The GoLang Compiler

This was a Mini-assignment in my Compilers course at IIT Hyderabad to read existing implementations of lexers/parsers. I couldn’t find any documentation on the Go Compiler hence, I decided to publish my report here. Please comment if you find any discrepancies.

Some History

Go’s compiler has a unique history. When the team first built Go, they used lex and bison for lexing and parsing. This was due to several reasons:

  1. Go was unstable.
  2. Go wasn’t targeting compiler writers (Apparently, if you trying to bootstrap a language in the initial stages, the launguage will end up suitable for writing compilers! :P)

Now, after hitting 1.0, Go gave stability guarantees and was a great general purpose language. So the team decided to remove C from the compiler. Some motivations being:

  1. Go is more fun than C :D
  2. Need to know C to work on the Compiler. Only Go knowledge doesn’t suffice.

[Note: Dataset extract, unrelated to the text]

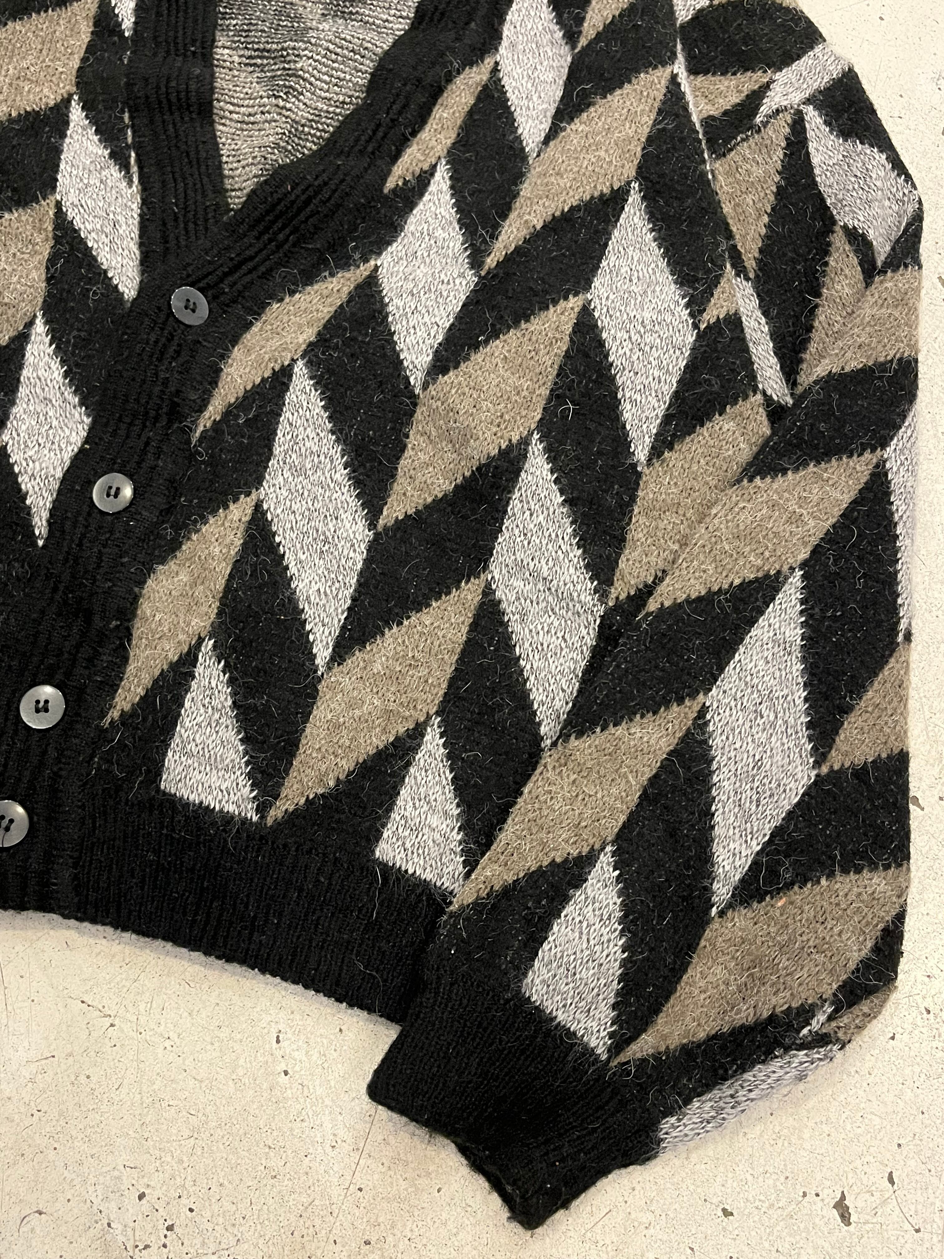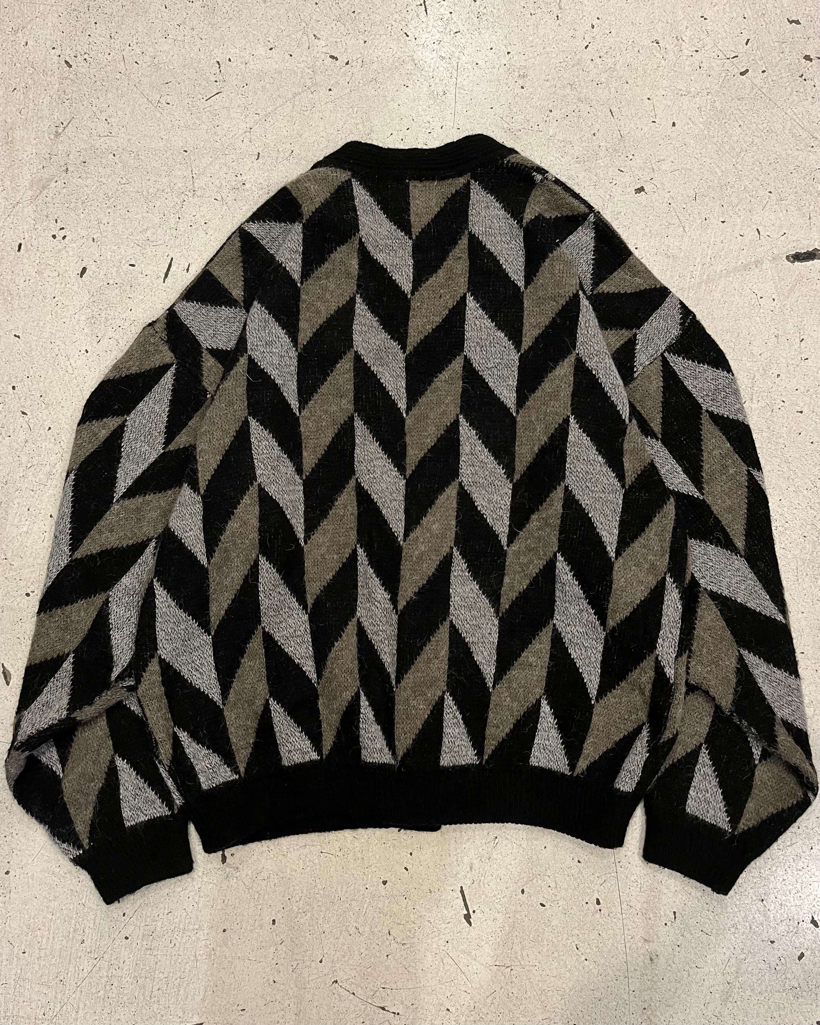 落ち着いた色味の総柄カーディガン、毛足の長いニットの素材感もポイントです。
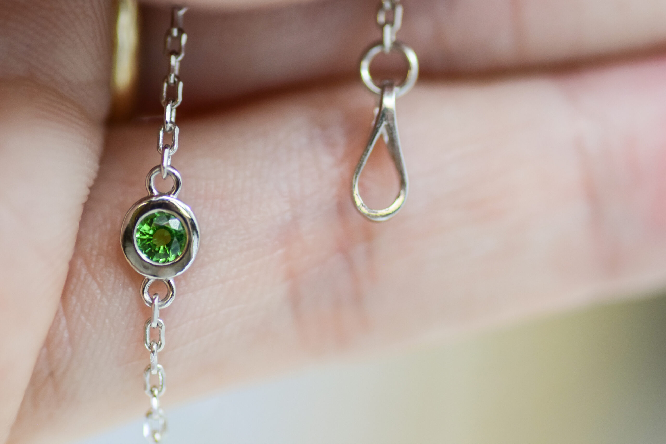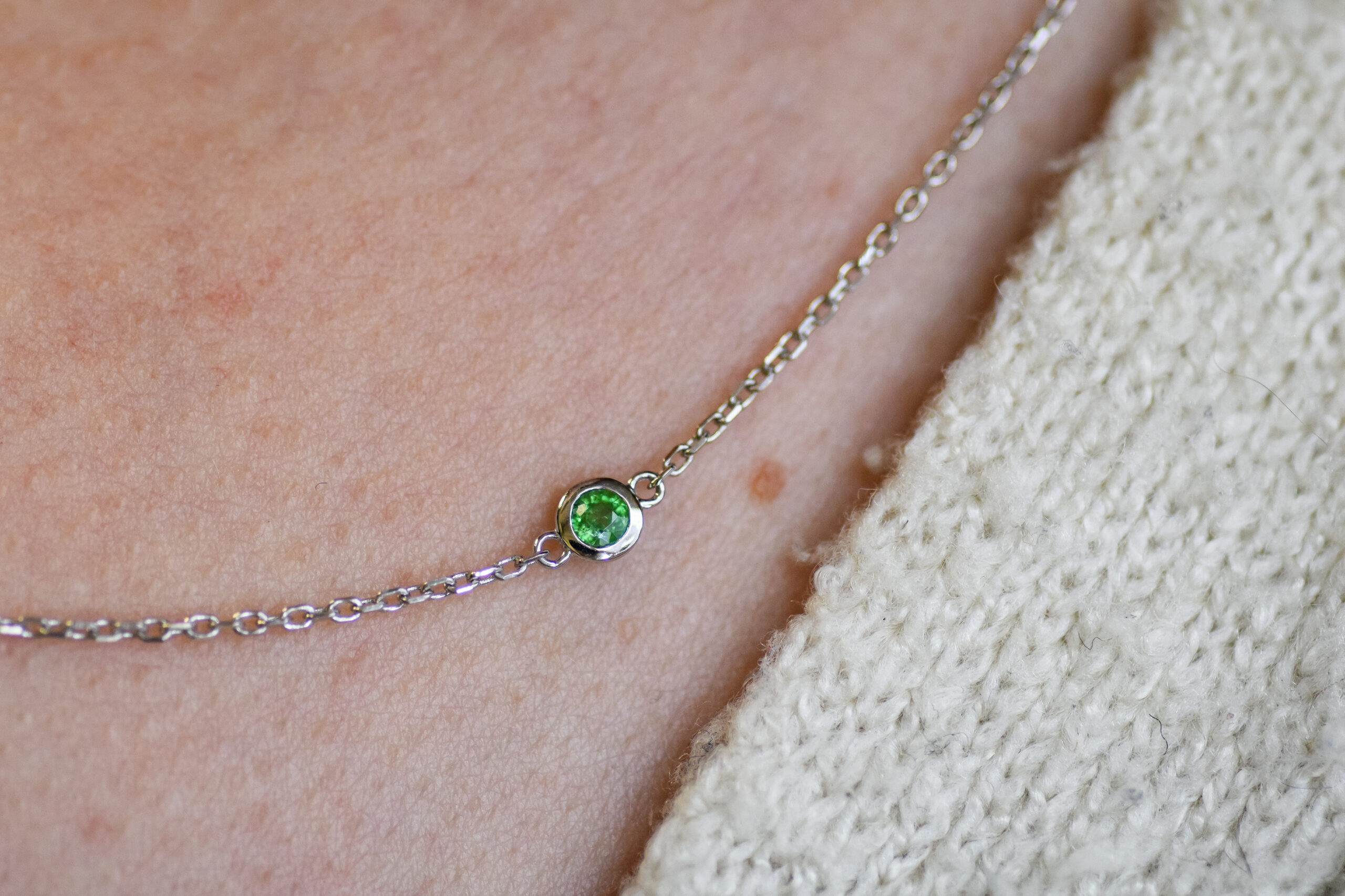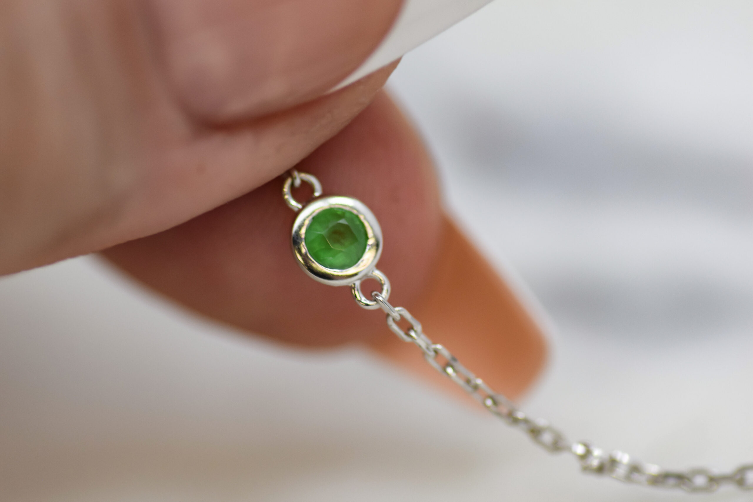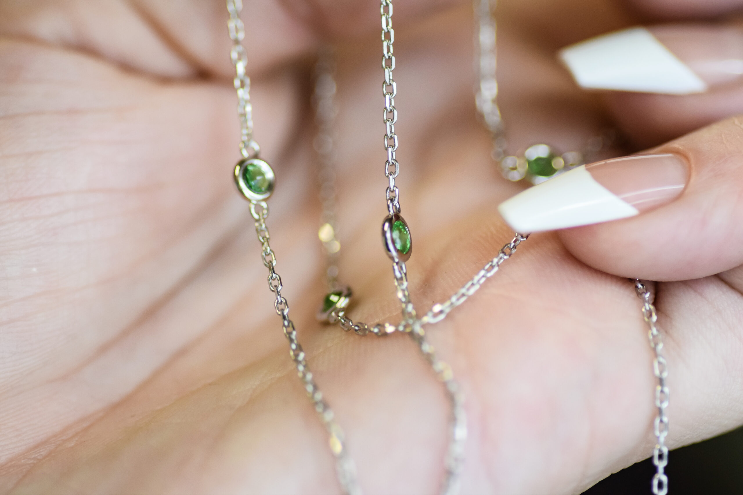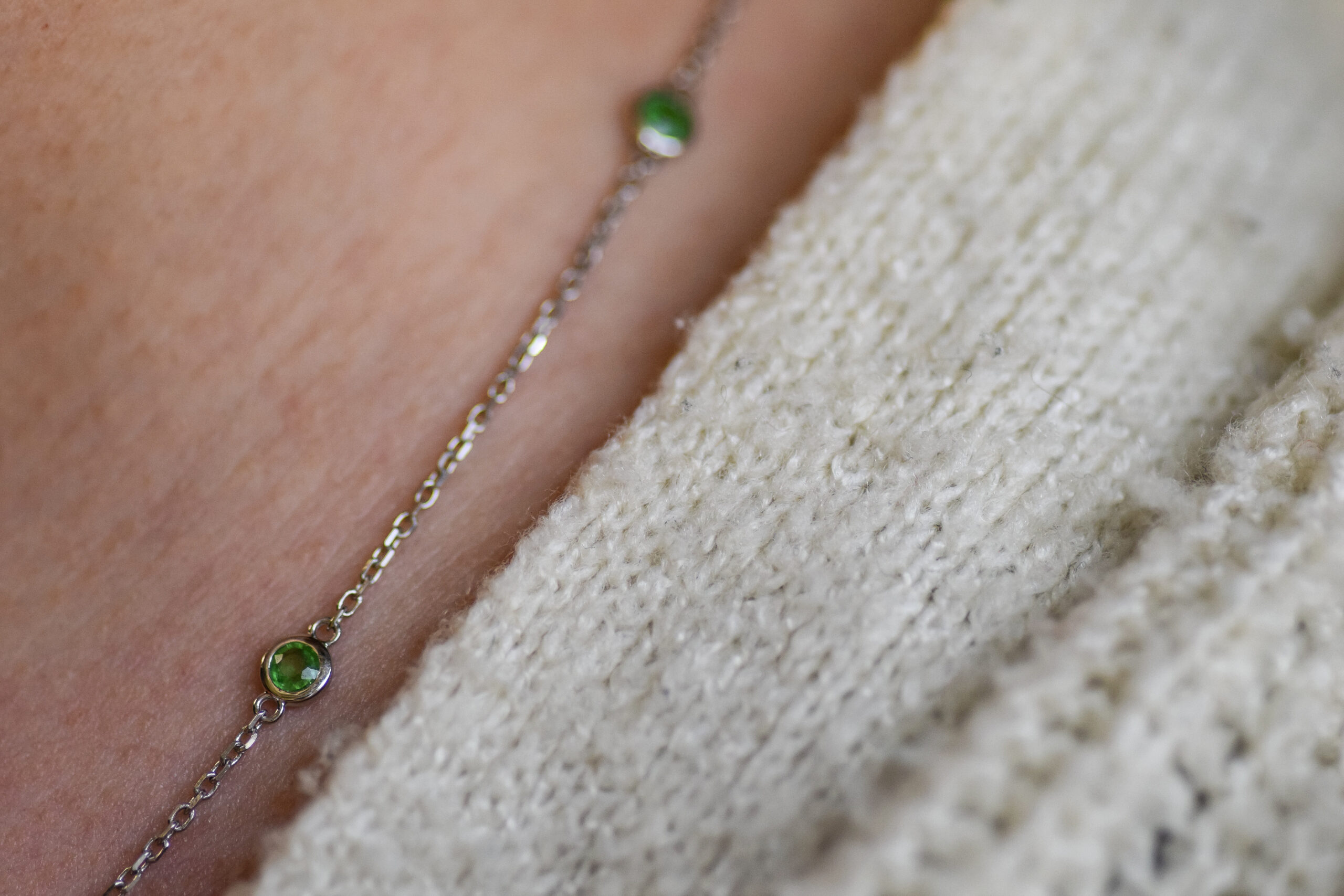 An obvious choice for fans of quiet luxury; bezel-framed tsavorite garnets let peeks of light illuminate their delicate colors.

While the reasons may sound silly, they are true. After moving from C to Go, there was huge surge in the contributors to the Go compiler, showing that C was a deterrent.

They built tools that automatically converted C to valid Go and then started cleaning up to make the code idiomatic Go.

The Structure

Go is a simple language. The grammar and spec can be found here. Its so simple that the whole lexer is just 550 LOC. Go also has its parser written in Go, which amounts to 1800 LOC.

The Lexer

The lexer itself is a golang package whose documentation and public API can be found here. Like most hand-written lexers it is made up of a huuuge switch case.

You initialise the scanner on a []byte (which is all the text) and constantly call the Scan method. The Scanner struct has the current state and the methods defined on it are used to capture the tokens. For those tokens which take more than one look ahead, these functions are used to select tokens based on context.

The Parser

One very frustrating aspect of the golang compiler is the lack of documentation. We have to go through the code to understand what is happening. Doing that for something as complex as a compiler sucked was tedious in the beginning but was acutally fun once I figured out whats happening.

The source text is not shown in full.